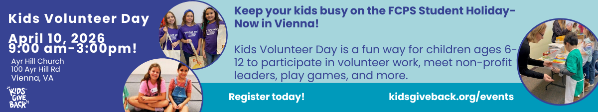 Fairfax County Public Schools are closed on April 10, and we are offering another one of our popular Kids Volunteer Days–this time in Vienna! Children ages 6-12 will participate in volunteer service projects, meet nonprofit leaders, enjoy games, and more. Volunteer projects will be announced closer to the date, but may include:
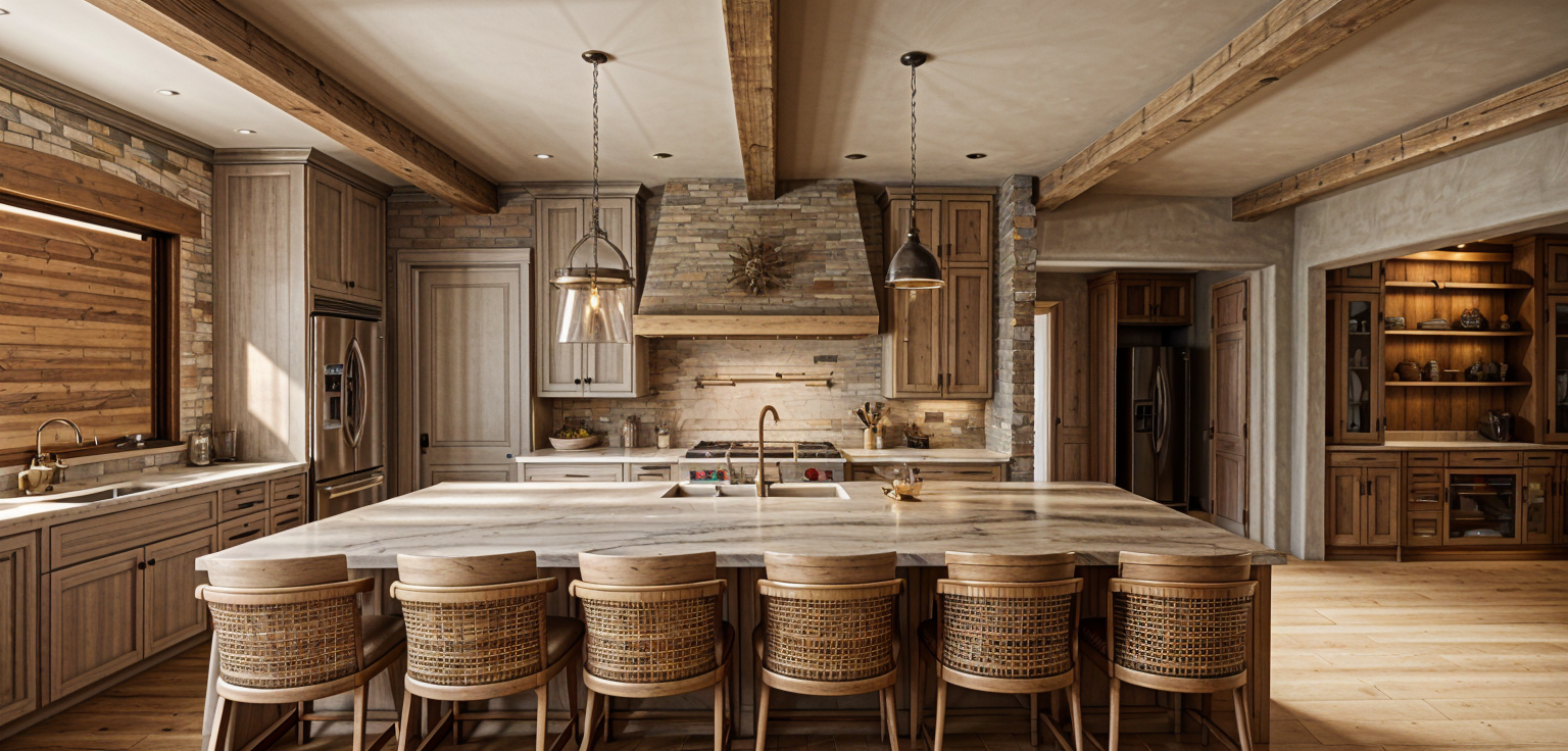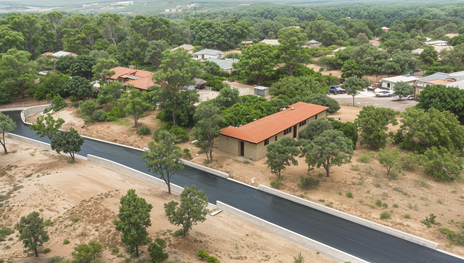 render a serene countryside landscape featuring a vibrant green forest of pine and oak trees the houses blend harmoniously with the surroundings featuring warm toned earthy stucco walls and red clay tile roofs the road is smooth and dark asphalt bordered by natural stone walls in a light gray hue sunlit ambience casts soft golden daylight across the foliage creating an inviting and peaceful atmosphere the distant hills are lush and rolling casting gentle shadows while the sky is a clear blue with a few fluffy white clouds enhancing the tranquil scenic view architecture
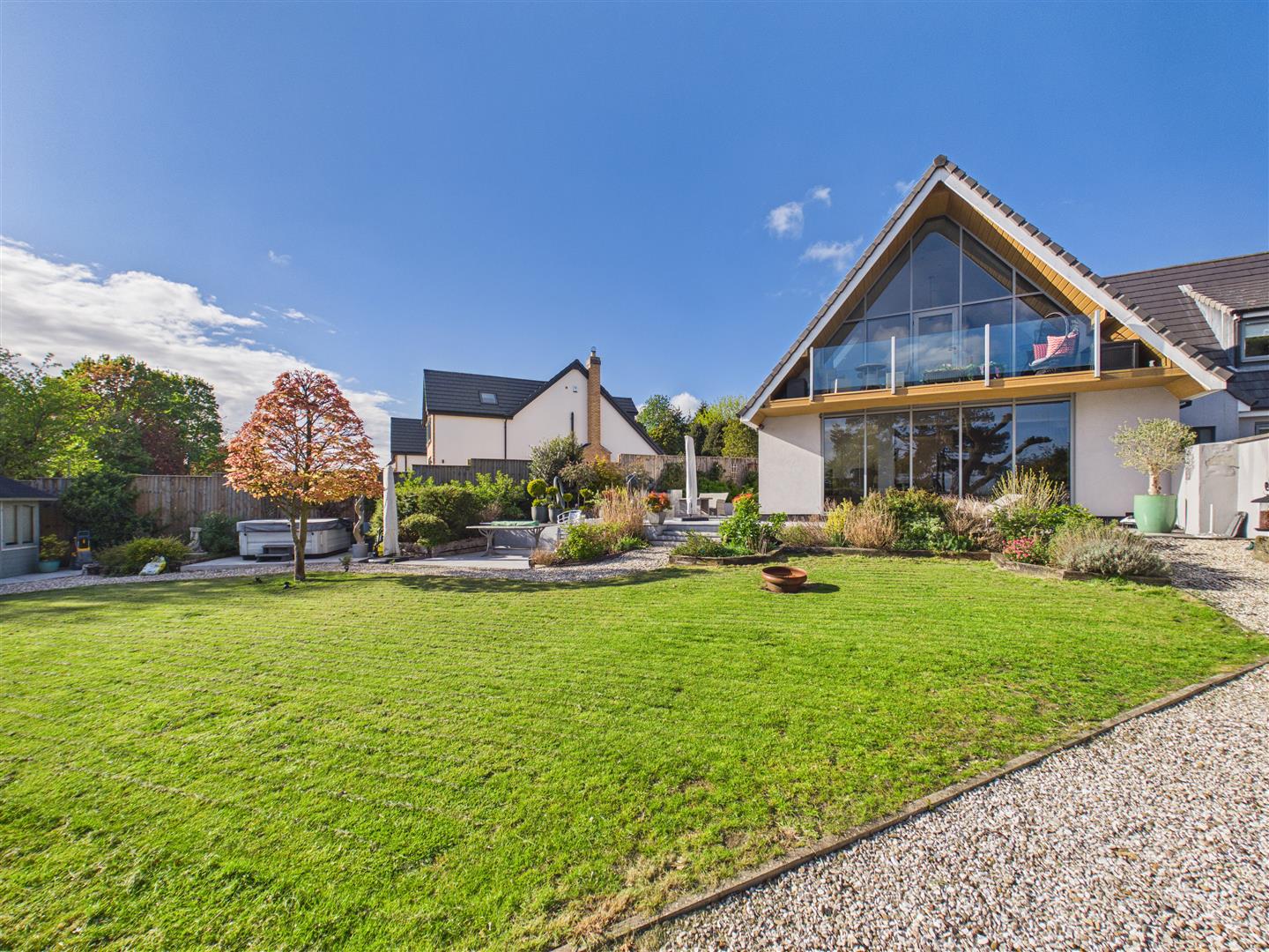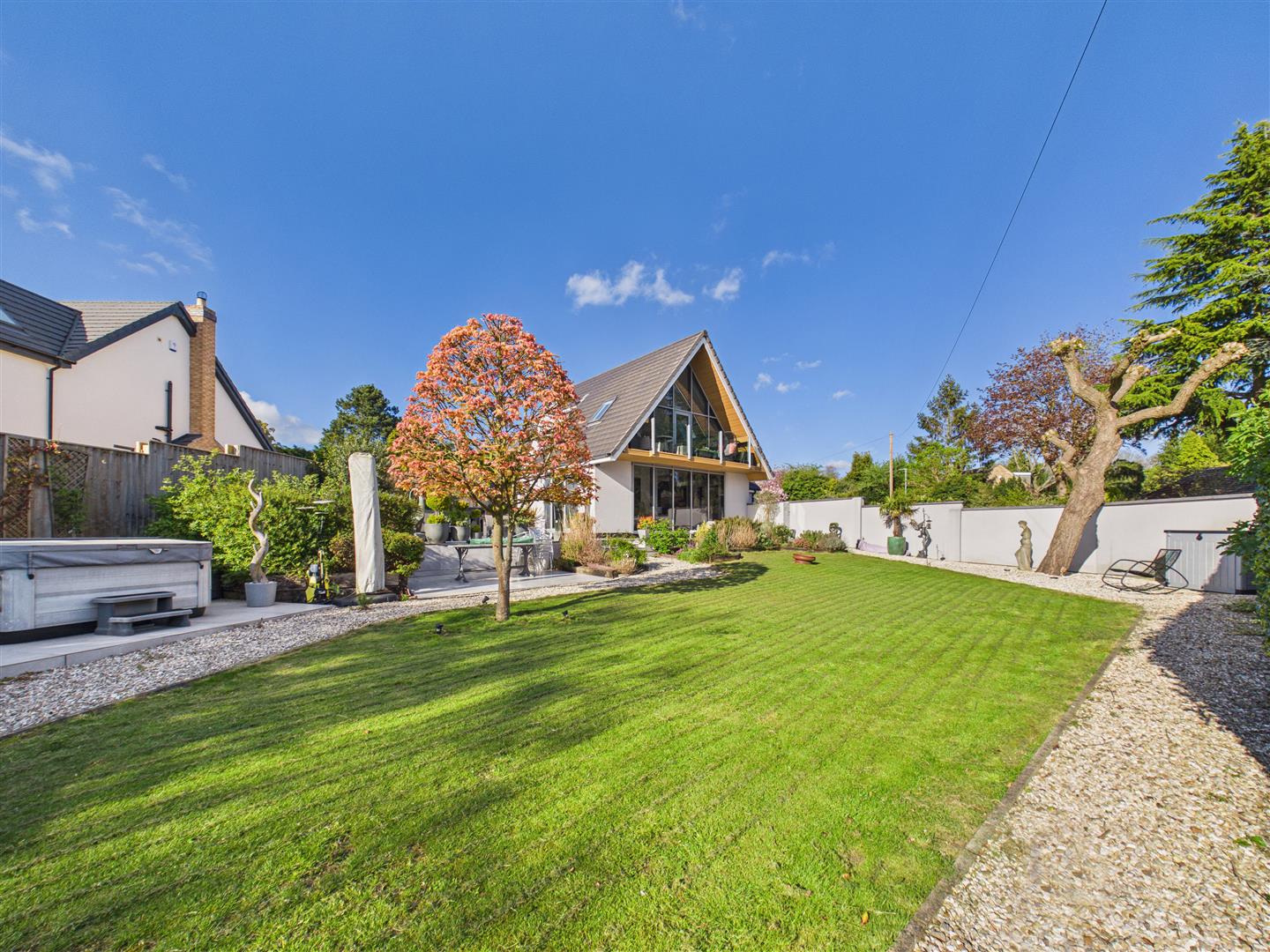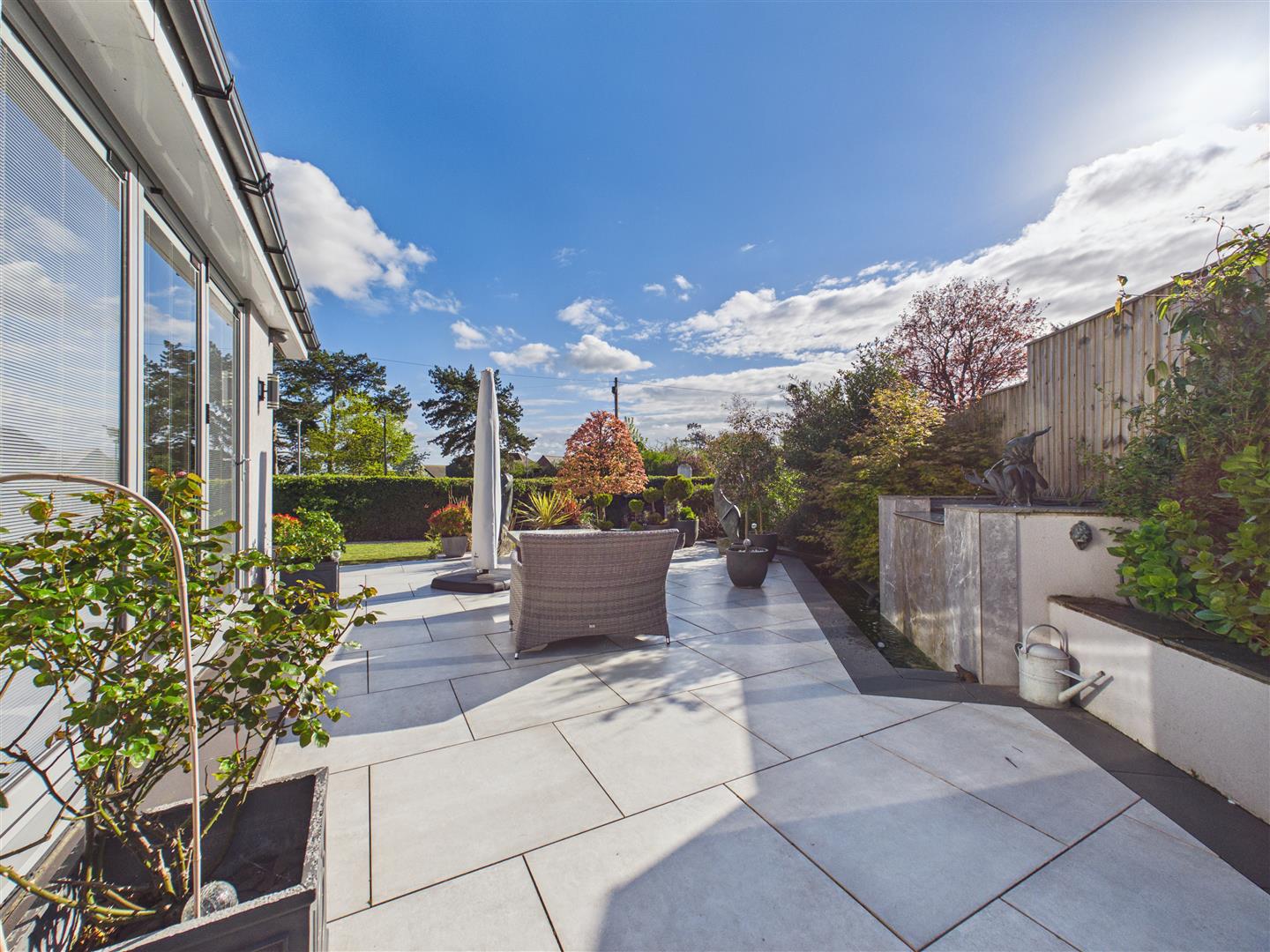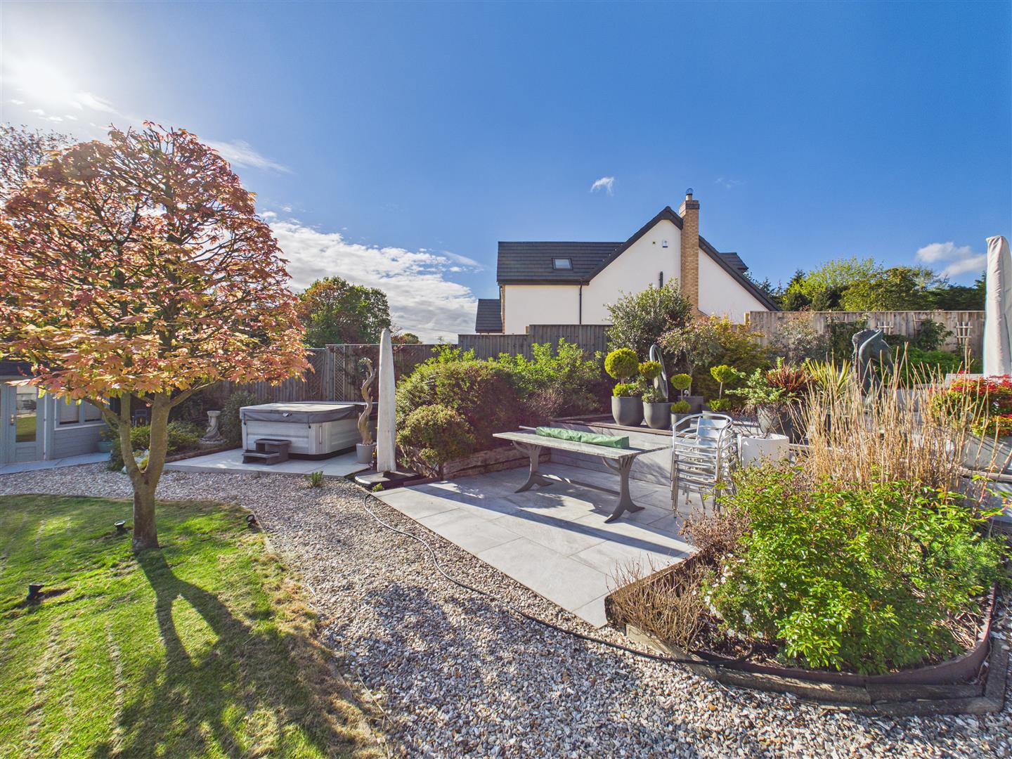 Occupying a superb plot of approximately 0.23 acres, the property is approached via a high-quality resin driveway leading to the garage with an automated door. The rear garden enjoys a favoured southerly aspect, featuring a spacious patio area that transitions seamlessly from the internal living spaces. This entertaining area is bordered by a bespoke filtered stream and cascading waterfall, creating a tranquil backdrop for alfresco dining. Beyond the water feature, steps descend to a landscaped lawn, with the entire outdoor space further enhanced by a smart automated irrigation system and comprehensive smart exterior lighting.

- **Task goal**: Keep the pictures out and repeat exactly the lines from the beginning of the data through the line that contains "render a serene", both ends included.

- **Reply**:
 Fairfax County Public Schools are closed on April 10, and we are offering another one of our popular Kids Volunteer Days–this time in Vienna! Children ages 6-12 will participate in volunteer service projects, meet nonprofit leaders, enjoy games, and more. Volunteer projects will be announced closer to the date, but may include:
 render a serene countryside landscape featuring a vibrant green forest of pine and oak trees the houses blend harmoniously with the surroundings featuring warm toned earthy stucco walls and red clay tile roofs the road is smooth and dark asphalt bordered by natural stone walls in a light gray hue sunlit ambience casts soft golden daylight across the foliage creating an inviting and peaceful atmosphere the distant hills are lush and rolling casting gentle shadows while the sky is a clear blue with a few fluffy white clouds enhancing the tranquil scenic view architecture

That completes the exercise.